She picked her way like a ropewalker, moving along a narrow shelf of grass that ran beside a brick wall. She wore her red bandana low on her forehead and carried a basket bulging with cloth, unaware of me or of the finely dressed woman with white skin who approached her on the same grassy ledge from the opposite direction. One of them would be forced to turn around and retrace her steps all the way back to where the brick wall began, or else yield way by stepping off into the muddy roadway. Face-offs of this sort played out on the streets so regularly a city ordinance had been passed requiring slaves to give deference. Had the slave been anyone other than Charlotte—had it been Binah, Aunt-Sister, Cindie, even Handful—I wouldn’t have worried so much, but Charlotte.

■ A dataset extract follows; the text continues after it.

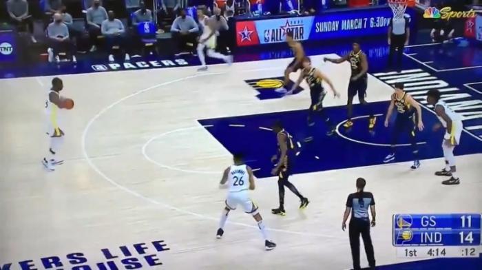 一般的球队在面对勇士时习惯使用BOX-1(一盯四联)的策略,科尔在赛前也透漏“预计步行者会打出大量的Box-1(一盯四联)战术,他们有两个大个子守住内线,那种战术会非常有用,但我们比上次交手时做好了更多的准备来处理这个问题”但是没想到的是,步行者不仅仅使用BOX-1,甚至全队的防守都盯着库里。在一次进攻中,库里一路运球穿过了霍勒迪、小萨、布罗格登、特纳的围追堵截,并在禁区内将球甩给了外线完全没人理会的追梦;之后库里再借怀斯曼挡拆、追梦将球传到、库里晃起这个回合他遇上的第五位防守人麦克德莫特,调整了一下之后命中了他本场唯一的三分球。
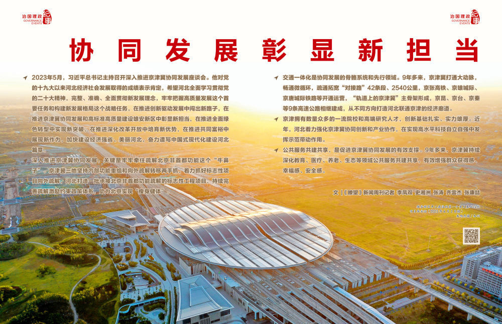 环绕京津的河北,找准在协同大局中的定位坐标,抢抓重大机遇,全面落实“三区一基地”(全国产业转型升级试验区、全国新型城镇化与城乡统筹示范区、京津冀生态环境支撑区、全国现代商贸物流重要基地)功能定位,立足自身比较优势打造一系列重点承接平台,努力打通重点区域连通京津经济廊道,在推进协同创新、产业协作中增强经济发展内生动力,持续深化公共服务共建共享造福百姓,不断推进协同发展向深度、广度拓展,努力推进中国式现代化在河北展现美好图景。

The two women stopped a few feet apart. The white woman lifted her parasol and tapped Charlotte’s arm. Move along now. Off with you.

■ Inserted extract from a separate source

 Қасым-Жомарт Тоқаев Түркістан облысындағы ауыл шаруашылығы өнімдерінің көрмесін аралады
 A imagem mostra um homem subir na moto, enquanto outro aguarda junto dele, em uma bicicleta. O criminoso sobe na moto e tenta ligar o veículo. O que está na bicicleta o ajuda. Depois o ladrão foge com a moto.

I didn’t detect the slightest movement in Charlotte. She seemed to solidify as she stood there. The woman’s umbrella thumped at her again: Shoo. Shoo.

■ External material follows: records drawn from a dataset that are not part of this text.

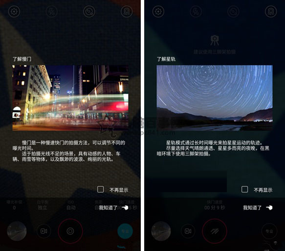 全景功能我们在这里不做赘述,实时特效的功能类似于照片中实时添加的滤镜,是一种所见即所得模式,这种功能还算常见。而星轨、光绘可以算是nubia的特色,将原本需要相机实现的拍照体验移植到了手机中。在弱光环境下通过光源进行绘画,或是长时间拍摄出星轨的轨迹,这些都能够通过nubia Z9 mini实现,当然,上一代的nubia Z7系列也没有问题。其他功能我们通过截图中的介绍可以了解一二,不过这些功能更适合专业的手机摄影爱好者,同时在拍摄时你也需要准备一个专门供手机使用的脚架。以电子光圈为例,这类拍摄需要通过长时间曝光来弥补手机拍照中的不足,如果手持手机则可能出现抖动、拍虚照片,而脚架能够保证照片的清晰画质,同时结合其特色功能以获得更好的拍照效果。
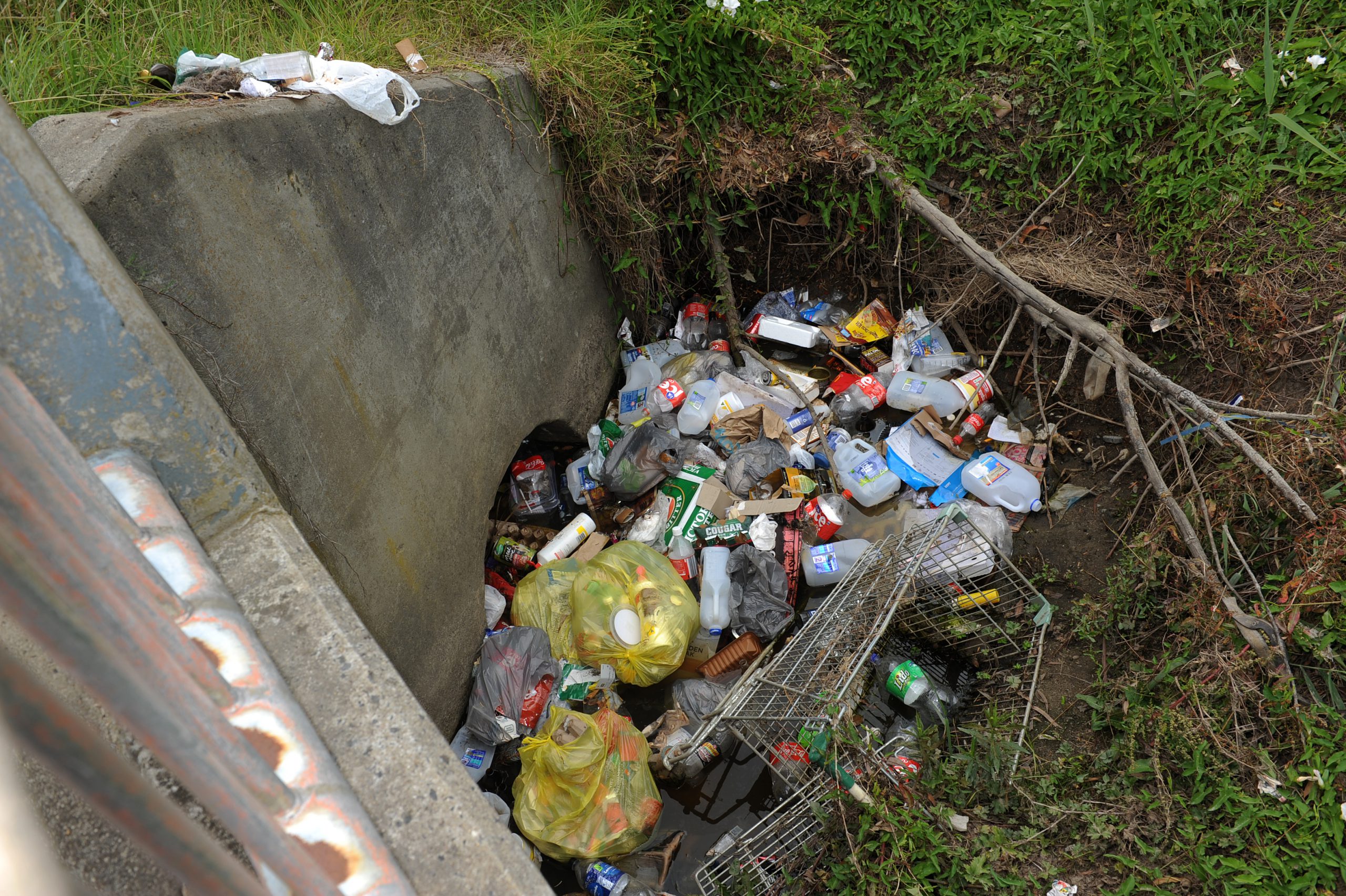 Egg cartons and milk bottles to beer packaging and several bags of household waste have built up in a section of the drain along the creek.
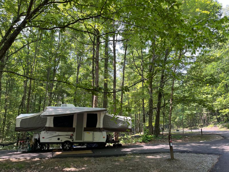 Look Rock Campground is located along the beautiful Foothills Parkway West between Walland, Tennessee and Chilhowee Lake at an elevation of 2,600 feet. The campground offers 68 campsites in a wooded high-country landscape, providing a traditional outdoor camping experience with modern conveniences. Ten sites feature electric and water hookups, while all sites have access to seasonal flush toilets, drinking water, and a dump station. No shower facilities are available on-site. The campground serves as an excellent base for exploring Great Smoky Mountains National Park's extensive trail system, which spans over 800 miles. The nearby Look Rock observation tower offers panoramic views of the surrounding mountains. Wildlife viewing and birding opportunities abound throughout the area. While fishing is not available at the campground itself, Chilhowee, Calderwood, and Cheoah Lakes are a short drive away. The campground sits along one of the park's most scenic drives. Nearby attractions include the infamous Tail of the Dragon section of State Route 129, featuring 318 curves in 11 miles. Maximum RV lengths vary by site from 13 to 48 feet. Reservations are required and can be made up to six months in advance through Recreation.gov. Stay limit is 14 consecutive days with up to 6 people and 2 vehicles per site.
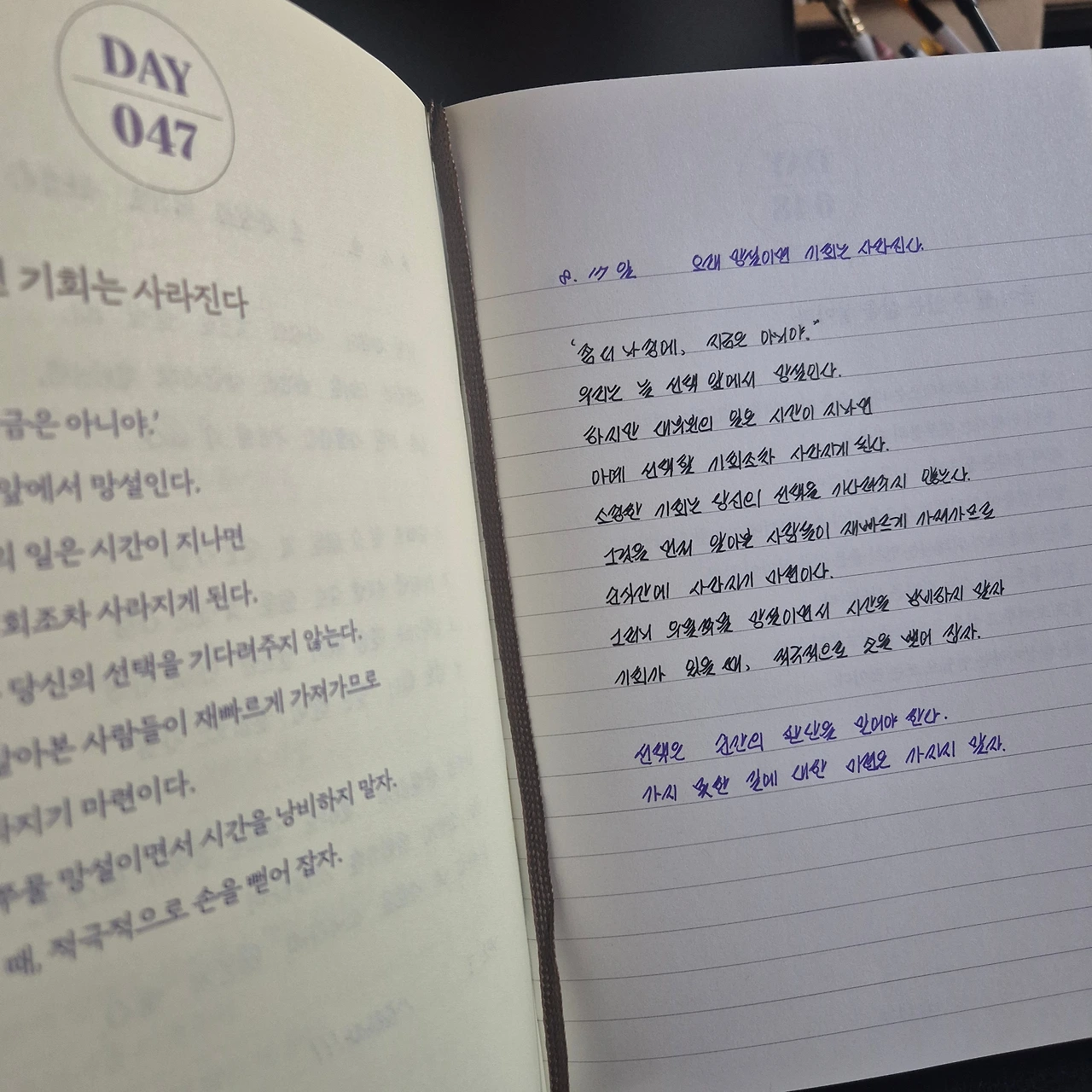 나의 하루는 필사와 감사 일기로 시작한다. 그리고 같은 방향을 향해 가고 있는 이들에게 건네는 아침 인사로 이어진다. 짧은 한마디라 해도 순간만큼은 진심을 담은 마음의 정성이기에, 그것이 습관으로 자리 잡은 지금은 오히려 나 자신이 위로받고 있음을 느낀다.

They exchanged words I didn’t understand, their voices rising, turning into jagged antlers over their heads. I looked around frantically for Goodis.
A man wearing a City Guard uniform reined his horse in the middle of the street. “Step aside, Negress,” he yelled. He climbed from his horse, handing the reins to a slave boy who’d wandered up pulling a dray.
Before the guard could reach the scene, Charlotte swung her basket. It moved in an arc, spilling what I realized were bonnets, then crashing against the woman’s arm, knocking her sideways. The mud in the street was like pudding, viscous and pale-brown as tapioca, and when the woman landed, perfectly seated, it made a little wave on either side of her.
I leapt from the carriage and ran toward them with no thought of what I might do. The guardsman had seized Charlotte by the arms, assisted by another man whom he’d enlisted. They dragged her down the street, while she spit and clawed.
I chased them all the way to Beaufain where the men commandeered a wagon and forced her into the back, pushing her flat onto her stomach. The guardsman sat atop her. The driver snapped the reins, the horses jerked, and I could only stand there spattered with the pudding from the street.
I swept back the veils on my hat and screamed her name. “Charlotte!”
Her eyes found me. She did not make a sound, but held my gaze as the wagon rolled away.
Handful
Mauma disappeared two days after we watched the stars fall.
We were standing in the work yard near the back gate. She had the red scarf on her head and wore her good dress, the one dyed indigo. Her apron was pressed to a crisp. She’d oiled her lips and borrowed Binah’s cowrie shell bracelets to dress up her wrists. In the sunlight her skin had a gold luster and her eyes shined like river rocks. That’s how I see her now in my dreams, with the look she had then. Almost happy.
She pinned on her slave badge, full of haste. She’d got permission to deliver her fresh-made bonnets, but I knew before the last one left the basket, she’d be obliging that man, Mr. Vesey.
I said, “Be sure your badge is on good.”
Mauma hated my pestering. “It on there, Handful. It ain’t goin’ nowhere.”
“What about your pouch?” I couldn’t see the bulge of it under her dress like usual. I kept both of our pouches fresh with scraps from our tree, and I meant for her to wear it, what with me going to all that trouble and her needing all the protection she could get. She fished it up from her bosom. Her fingers had faded smudges on them from the charcoal powder she’d used to trace designs on her bonnets.
I wanted to say more to her. Why’re you wearing the good dress with all that mud out there? When are you planning on telling me about the baby? Now we got to buy freedom for the three of us? But I shoved all this to the side for later.